The CEOs of top Saudi Arabian and U.S. oil producers Aramco and Exxon Mobil on Monday pushed back forecasts of peak oil demand, and said the energy transition would require continuing investment in conventional oil and gas.
Their comments come after the executive director of the International Energy Agency (IEA) last week said that new estimates showed the age of relentless fossil growth is ending and demand would peak in 2030.
Speaking at the World Petroleum Congress in Calgary, Aramco CEO Amin Nasser said talk of peak oil demand had come up many times before.
"This notion is wilting under scrutiny because it is mostly being driven by policies, rather than the proven combination of markets, competitive economics and technology," Nasser said.

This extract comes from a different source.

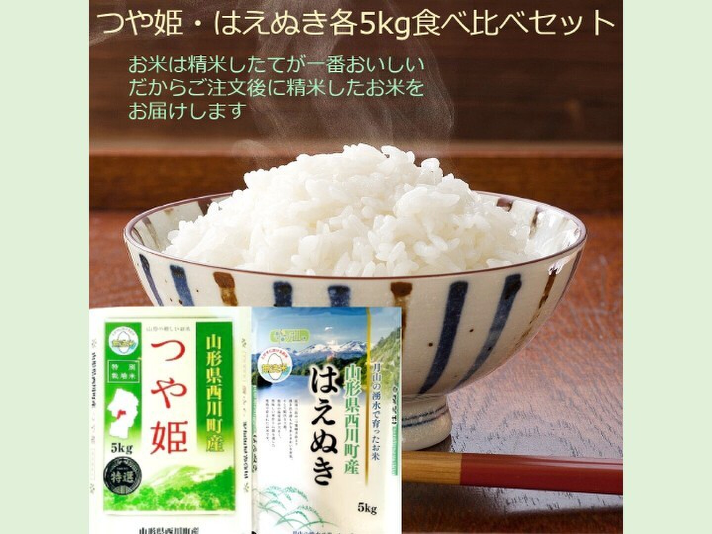 つや姫+はえぬき5㎏ⅹ各1袋 食べ比べセット 特別栽培米 無洗米 令和6年山形産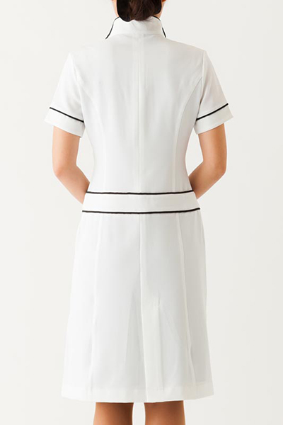 クールな装いのスタンド襟と配色パイピングテープが美しくすっきりとしたラインを演出します。

He said he expected demand to grow to around 110 million barrels per day (bpd) by 2030.
Nasser said the narrative of the current energy transition was based on "unrealistic" assumptions and scenarios and it was important to keep investing in oil and gas to ensure global energy security and an affordable transition to cleaner sources of energy.

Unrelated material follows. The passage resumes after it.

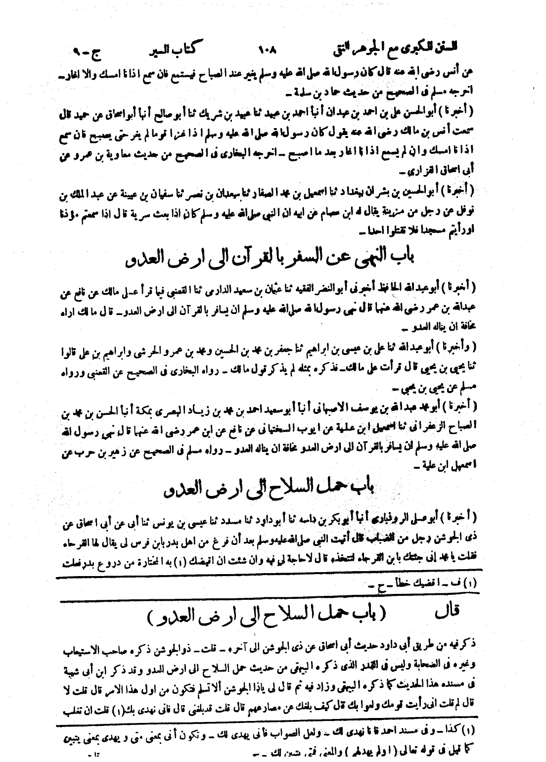 [قال (باب حمل السلاح إلى ارض العدو) ذكر فيه من طريق أبى داود حديث أبى اسحاق عن ذى الجوشن إلى آخره - قلت - ذو الجوشن ذكره صاحب الاستيعاب وغيره في الصحابة وليس في القدر الذى ذكره البيهقى من حديث حمل السلاح إلى ارض العدو وقد ذكر ابن أبى شيبة في مسنده هذا الحديث كما ذكره البيهقى وزاد فيه ثم قال لى يا ذا الجوشن ألا تسلم فتكون من اول هذا الامر قال قلت لا قال لم قلت انى رأيت قومك ولعوابك قال كيف بلغك عن مصارعهم قال قلت قد بلغني قال فانى نهدى بك (1) قلت ان تغلب

"We need to invest, otherwise in the mid- to long-term we will have another crisis and we will go backward in terms of using more and more coal and other cheap products that are available today."
Exxon CEO Darren Woods, speaking on the same panel, said it will be difficult to replace today's energy system because oil and gas are so widely available, and the transition would take time.
"There seems to be wishful thinking that we're going to flip a switch from where we're at today to where it will be tomorrow," Woods said.
"No matter where demand gets to, if we don't maintain some level of investment industry, you end up running shorter supply which leads to higher prices."